I stood there, staring at the door, wondering if he’d come back through it. If he’d say he made a mistake. If then he’d kiss me. If he’d let me touch him.
But nothing. No Riley. I didn’t know how much time had passed before I looked at the clock. I’d probably stood for half an hour, staring at the door like a puppy whose owner went to work.
Except Riley wasn’t coming back. And the thought that I had no idea where he was going or how to reach him choked me. Would he be okay? Would he be happy?

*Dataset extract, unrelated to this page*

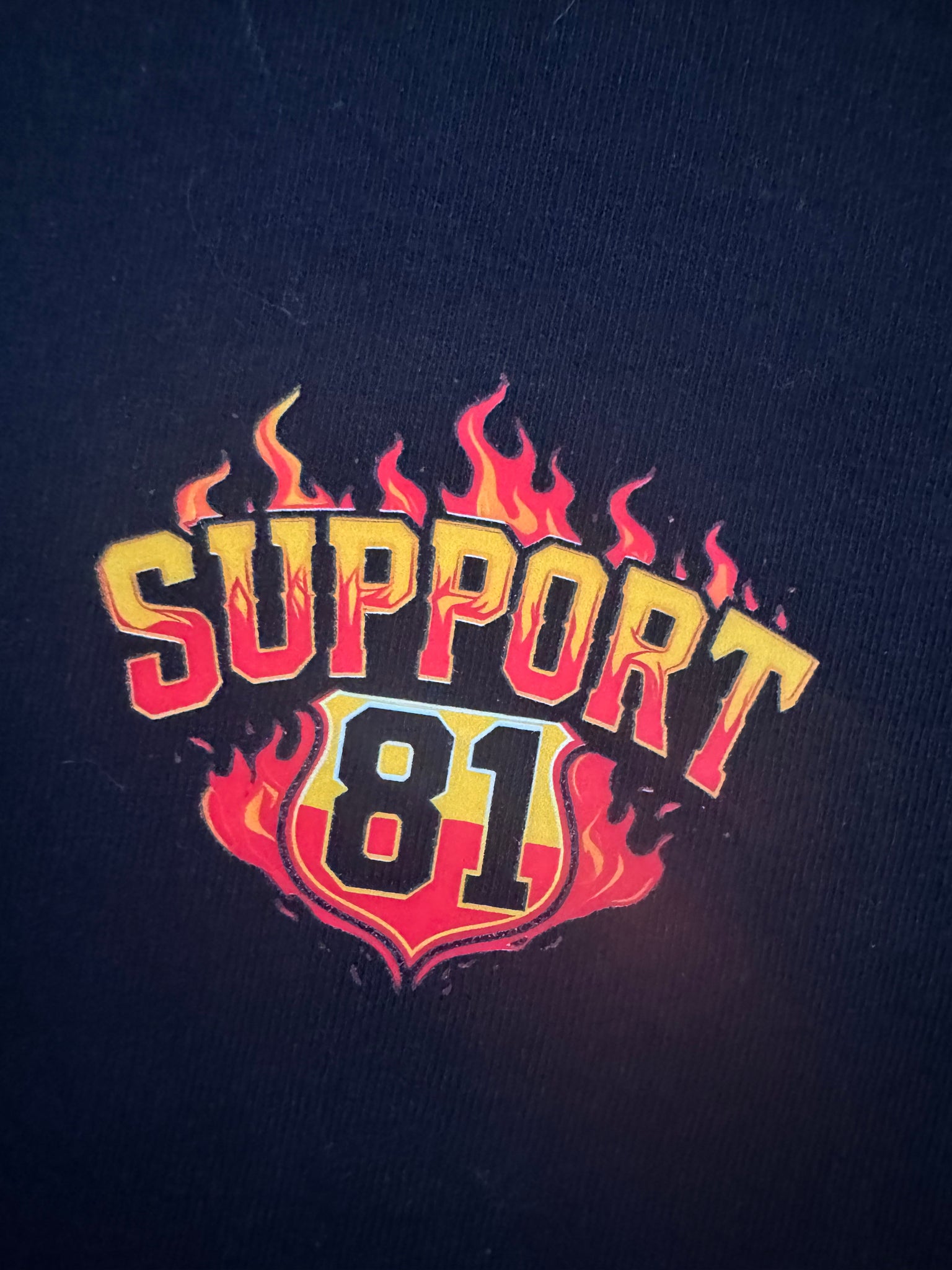 The Support 81 Devil Flames Long Sleeve T-Shirt! Each order includes a limited-edition Support 81 Halloween sticker pack with seven unique stickers, available only with this shirt. Perfect for fans seeking distinctive apparel and collectible extras, this lo exclusive perks. Featuring a striking devil flame design, this long sleeve offers both comfort and standout looks. ng sleeve merges quality wear with exclusive graphic flair.

I retreated back into the hotel room. I found a pack of matches in the drawer of the bedside table. I carried the trash can with the magazines into the bathroom and placed it in the shower. Then I struck a match and dropped it inside the can.
The glossy cover flared up in flames quickly, the chemicals in the paper making the fire brilliant colors. I dropped in another match and watched as the rest of the magazines caught fire. When there was nothing but charred paper and ash, I turned on the shower to douse the flames.